Hot Weather Takes Toll on Corn Crop
HARTSBURG - Extremely high temperatures this summer have taken a toll on corn crops across Missouri.
Corn growers estimate upwards of a 30 percent loss in their total yield this year. MU Plant Sciences professor Bill Wiebold said a combination of factors hit corn crops, including high rainfall in the spring and dry, hot temperatures during the summer months.
"The roots just couldn't keep up enough and so you see some scalded plants, dead leaves or the whole plant is dead," Wiebold said.
Wiebold said when temperatures are consistently hot, especially at night, crops don't ever grow to full size. He said farmers will really notice the loss when it comes time to harvest.
"Temperatures of over 100 degrees greatly increase the amount of water evaporation from the leaves," he said. "If there's not enough water there, then you have stress on those plants."
Hartsburg farmer Terry Hilgedick has been battling to protect his corn crops all summer. He said his crops have suffered from the soaring temperatures.
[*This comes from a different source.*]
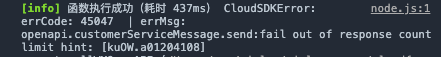 45047 错误码,意思是微信客服消息在向客户推送时,可连续发送20条(也不一定),如果期间客户没有回复,或超过限额,会停止发送,除非客户回复一下。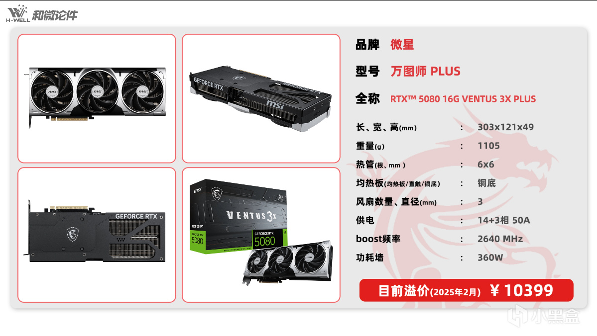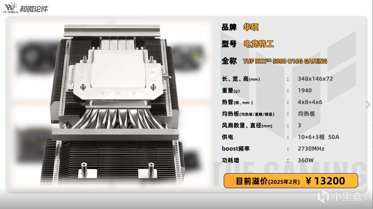 最後看Prime大師 5080,使用了6根6mm熱管搭配均熱板,供電爲10+4+3相,供電是5080的基礎款,散熱這邊在5080整體的中下水平,也算是符合Prime系列的定位吧,目前溢價在11500左右,基本是其他品牌的次旗艦水平。

"Those 100 degree days followed by 80-plus degree nights is really tough on a corn plant," Hilgedick said.
Hilgedick has been farming in Hartsburg for more than 20 years. Along with high temperatures, his crops also suffer when Missouri River waters rise. His farm is right in the heart of the Missouri river valley.
"Wherever there's standing water, you don't have a crop," he said.
Hilgedick said this summer has been one of the worst in terms of crop production. He expects to lose nearly half of his total corn crop because of a combination of high temperatures and standing flood water.
"All in all, I'd say it's about a 60 percent crop," he said. So, much worse than usual."